Looking over the map that she'd taken from Olaf's body before it had begun twitching, Frieda found that she couldn't make heads or tails of it; it was just patches of color, all orange and green and blue, and covered in squares and dots and lines and numbers and names. There was also a picture of dog food in the corner, for some reason. Probably the map's commercial sponsor, or maybe there was a dog food factory located at that spot.
The only part that made any sense was the sideways arrow marked “Z,” and even that didn't make any sense. What could it possibly mean?
Zouth?
Zombies? She'd had enough of zombies already, no need to go anywhere else for more of them.
She couldn't even ask for help with the map: everyone else was dead... or undead, anyway.
Sighing, she set her shoulders stolidly as she set out for the duck pond in the park behind the mall. She wasn't about to settle for some dirty, smelly, underground military bunker, waiting to get devoured! She was going to spend her days in the sun.

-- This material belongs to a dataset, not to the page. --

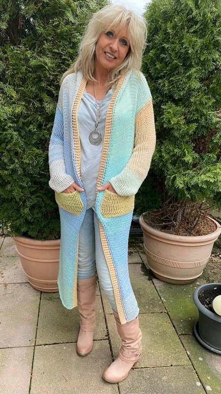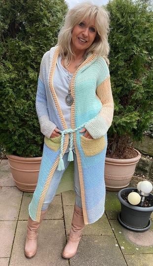 Die Länge ist individuell und kann auch als Cardigan gehäkelt werden.

Maybe she could find a nice little isle with rabbits all over it. That would be nice: everyone had been beginning to really look the part of a ragamuffin, and certainly all the more so now; why, if she were going to look it, then she might as well be one, and run around a nice tropical island like a castaway! She recalled Sally having said something about all bodies of water being connected, so even if there weren't a rabbit island in the pond, it was bound to lead somewhere with rabbits!
Speaking of rabbit, she was famished — it felt as if she hadn't eaten dinner in the longest time! Somehow though, she wasn't exactly in the mood for any of those long pork sausages that she'd been eyeing earlier (there was even some leftover boudin blanc, but it failed to tempt her), nor even a simple rare roast beef sandwich, red with juices.
Then she remembered the tongue. Snoopy had been going to make that for dinner, insisting that they would love it. It still sat there in the refrigerator, huge and lolling, covered in taste buds....
She shivered at that image, firming in her resolve for Hasenpfeffer as her naturally curly hair flounced around her, beagle or no beagle; much more civilized — more refined — than some nasty cow tongue.
Without giving a single thought to the advisability of such an endeavor, she drove the doghouse straight into the pond, the water rising around the little red wagon in which it was seated. Luckily for her, things worked out as she'd assumed, and the whole stayed afloat as she motored ever onward, the rest of the gang hammering on the glass wall of the mall's rotunda behind her, with Snoopy leading the pack.
The sun was low, and the afternoon warm.
Life was good, and she was more relaxed now, relieved to have escaped with her life.
Unaware of the irony — un-self-aware — she nodded to herself: she'd hunt down those rabbits and have Hasenpfeffer that very night, despite the living dead.5
NB: For any fic-downloads that lost the video above: this was the Peanuts theme music.